Statistical analysis was performed with SPSS software version 16.0 (SPSS Inc.). All of the assays were performed at least in triplicate and values are expressed in bar charts as the mean ± standard error of the mean. Significant differences between groups were analyzed using Student's t-test or one-way analysis of variance followed by Duncan's multiple-comparisons test. P<0.05 was considered to indicate a statistically significant difference. Pearson correlation analysis was performed in order to assess the co-expression of miR-4492 and IL-10 in the 96 specimens.

Results

Identification of differentially expressed miRNAs in CRSwNP

A total of 6 DEGs (6 downregulated miRNAs) were identified between CRSwNP and CRSsNP. One DEG (1 downregulated miRNA) was identified between CRSwNP and the control, and no DEGs were identified between CRSsNP and the control. The details of the DEGs are presented in Table I. Subsequently, the expression data of six DEGs were subjected to 2D hierarchical clustering analysis. The distinctive clusters for CRSwNP and CRSsNP were segregated for all of the CRS specimens (Fig. 1), revealing differences in the miRNA expression profiles of the two subgroups of CRS.

Figure 1. Heat map of the differentially expressed miRs in the different groups.

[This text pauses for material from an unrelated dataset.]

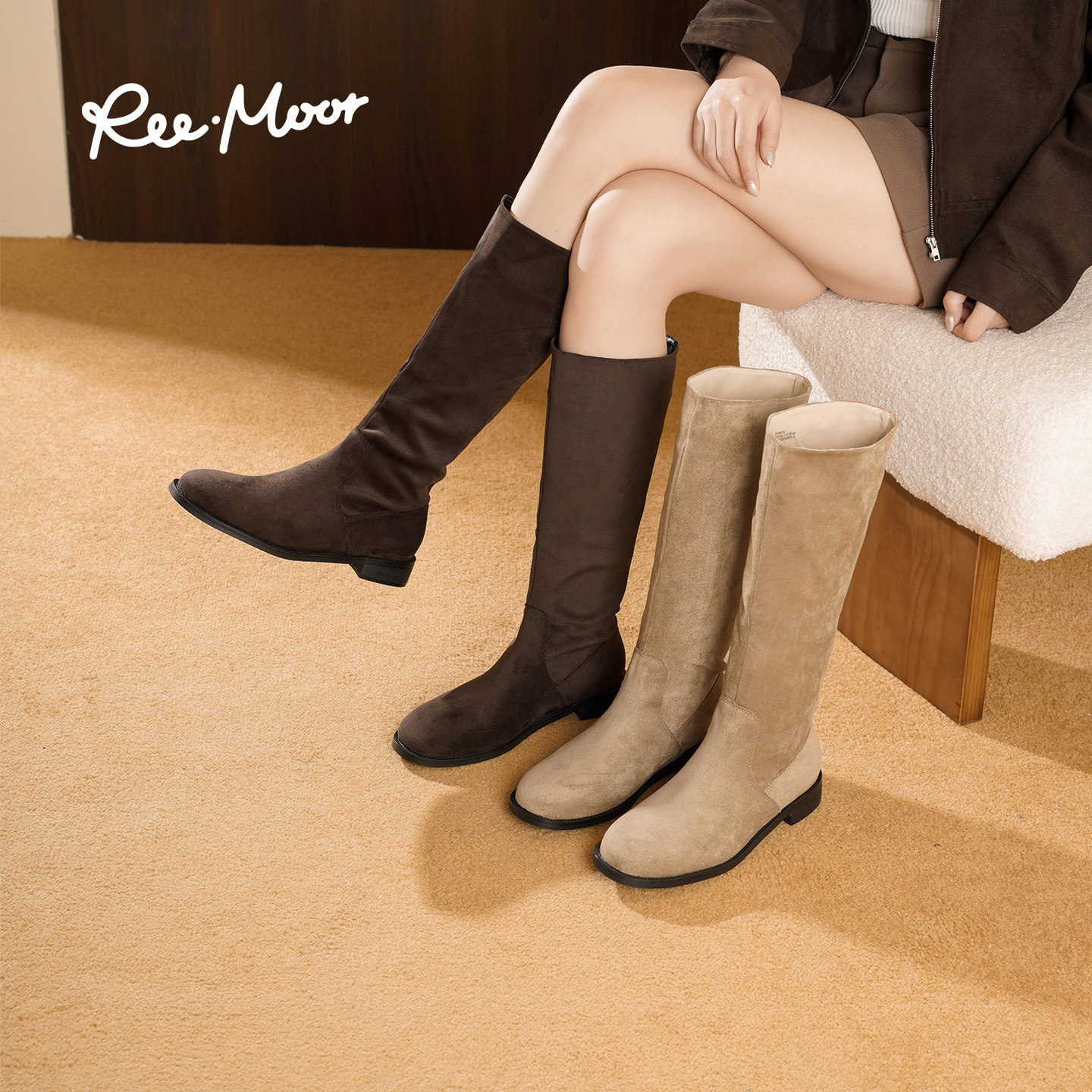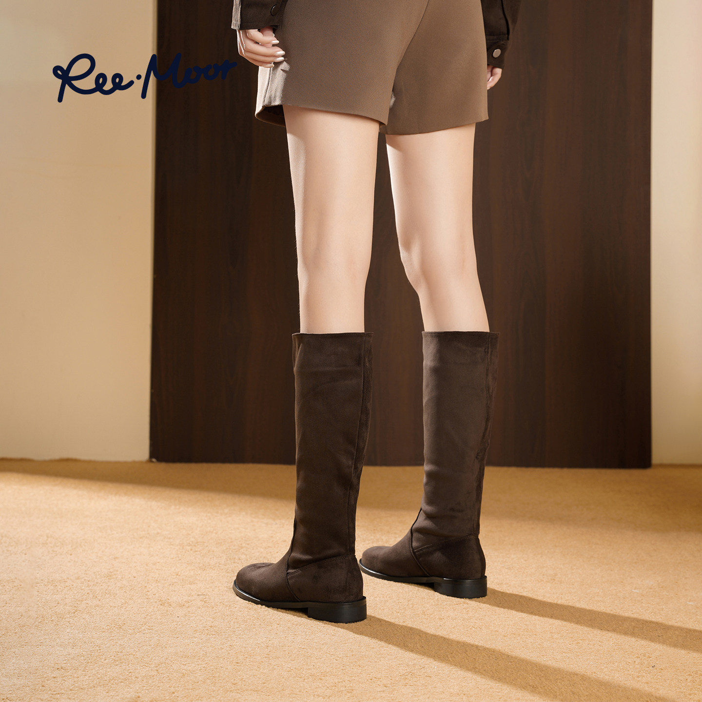 REEMOOR睿慕2025冬季新款粗跟骑士靴厚底增高时装靴高筒靴女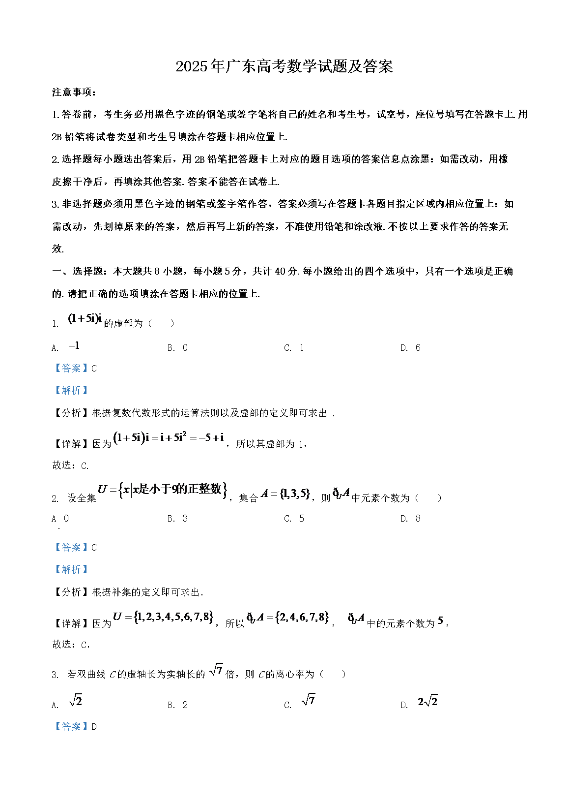 【文档名称】 2025年广东高考数学试题及答案(Word版).doc

The lateral axis represents the differentially expressed miRs, and the longitudinal axis represents the samples. Red indicates upregulation, blue indicates downregulation, pink indicates CRSwNP specimens and cerulean indicates CRSsNP specimens. miR, microRNA; hsa, Homo sapiens; CRSwNP, chronic rhinosinusitis with nasal polyps; CRSsNP, chronic rhinosinusitis without nasal polyps.

Table I. Details of aberrantly expressed miRNAs.

Table I.

Details of aberrantly expressed miRNAs.

	CRSwNP vs. CRSsNP		CRSwNP vs. NC		CRSsNP vs. NC
Gene names	logFC	FDR	logFC	FDR	logFC	FDR
hsa-miR-144-3p	−3.065465067	0.002555901	−1.820765547	0.821307633	0.857082137	0.996058565
hsa-miR-144-5p	−3.160003078	0.003750538	−1.835835772	0.821307633	0.856915634	0.996058565
hsa-miR-486-5p	−2.135055827	0.013129379	−1.258258512	0.939213466	0.713031482	0.996058565
hsa-miR-200a-3p	−2.187602496	0.013129379	−0.284138738	0.998572989	1.406274811	0.996058565
hsa-miR-451a	−2.09844785	0.015772606	−1.231243617	0.998572989	0.720894	0.996058565
hsa-miR-4492	−1.745117094	0.019422342	−1.513875624	0.012444032	0.284184	0.996058565

[i] miR, microRNA; hsa, Homo sapiens; CRSwNP, chronic rhinosinusitis with nasal polyps; CRSsNP, chronic rhinosinusitis without nasal polyps; FDR, false discovery rate; FC, fold change.

Gene enrichment and functional annotation of the predicted targets of the DEGs

A total of 4,395 predicted target genes of the six DEGs were obtained from the miRWalk database. Among these genes, a diverse range of GO terms were significantly enriched in the following three categories: Biological process (BP), cellular component (CC) and molecular function (MF). The top 5 enriched terms in each category are provided in Fig. 2, of which establishment of protein localization, endosome and purine ribonucleotide binding were the most significant terms in each group, respectively. The KEGG pathway enrichment analysis identified a total of 26 pathways as being enriched by the DEGs (Fig. 3), several of which are associated with the ErbB, Ras, cyclic adenosine monophosphate and Janus kinase (Jak)/signal transducer and activator of transcription (STAT) signaling pathways. These pathways my therefore be involved in the development of CRSwNP.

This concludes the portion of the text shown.